Retype exactly the lines that run from the line with "This rave t-shirt" to the final line of the entries, keeping both ends and nothing else.

[Start of section]

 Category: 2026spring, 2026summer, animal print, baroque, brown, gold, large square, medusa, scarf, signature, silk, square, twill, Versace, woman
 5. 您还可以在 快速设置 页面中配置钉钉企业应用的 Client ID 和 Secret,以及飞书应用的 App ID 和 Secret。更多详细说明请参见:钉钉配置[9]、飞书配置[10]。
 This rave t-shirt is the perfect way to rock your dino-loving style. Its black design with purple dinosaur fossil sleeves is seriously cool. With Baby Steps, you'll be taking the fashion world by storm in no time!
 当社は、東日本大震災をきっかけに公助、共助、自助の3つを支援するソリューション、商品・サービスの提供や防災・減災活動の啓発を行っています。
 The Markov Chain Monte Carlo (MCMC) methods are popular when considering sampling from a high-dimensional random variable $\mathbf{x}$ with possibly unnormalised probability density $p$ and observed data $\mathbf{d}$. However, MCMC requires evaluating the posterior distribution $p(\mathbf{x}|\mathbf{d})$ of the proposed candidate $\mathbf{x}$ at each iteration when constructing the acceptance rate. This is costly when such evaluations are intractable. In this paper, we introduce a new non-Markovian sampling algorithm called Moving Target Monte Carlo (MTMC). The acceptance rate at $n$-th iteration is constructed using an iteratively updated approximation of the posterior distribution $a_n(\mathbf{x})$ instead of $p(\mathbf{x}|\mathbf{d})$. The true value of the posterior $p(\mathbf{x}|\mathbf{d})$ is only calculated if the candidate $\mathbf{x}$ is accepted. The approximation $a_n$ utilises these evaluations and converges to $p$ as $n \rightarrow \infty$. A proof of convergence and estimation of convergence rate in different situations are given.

[End of section]

[ANSWER TO THIS PROBLEM]
 This rave t-shirt is the perfect way to rock your dino-loving style. Its black design with purple dinosaur fossil sleeves is seriously cool. With Baby Steps, you'll be taking the fashion world by storm in no time!
 当社は、東日本大震災をきっかけに公助、共助、自助の3つを支援するソリューション、商品・サービスの提供や防災・減災活動の啓発を行っています。
 The Markov Chain Monte Carlo (MCMC) methods are popular when considering sampling from a high-dimensional random variable $\mathbf{x}$ with possibly unnormalised probability density $p$ and observed data $\mathbf{d}$. However, MCMC requires evaluating the posterior distribution $p(\mathbf{x}|\mathbf{d})$ of the proposed candidate $\mathbf{x}$ at each iteration when constructing the acceptance rate. This is costly when such evaluations are intractable. In this paper, we introduce a new non-Markovian sampling algorithm called Moving Target Monte Carlo (MTMC). The acceptance rate at $n$-th iteration is constructed using an iteratively updated approximation of the posterior distribution $a_n(\mathbf{x})$ instead of $p(\mathbf{x}|\mathbf{d})$. The true value of the posterior $p(\mathbf{x}|\mathbf{d})$ is only calculated if the candidate $\mathbf{x}$ is accepted. The approximation $a_n$ utilises these evaluations and converges to $p$ as $n \rightarrow \infty$. A proof of convergence and estimation of convergence rate in different situations are given.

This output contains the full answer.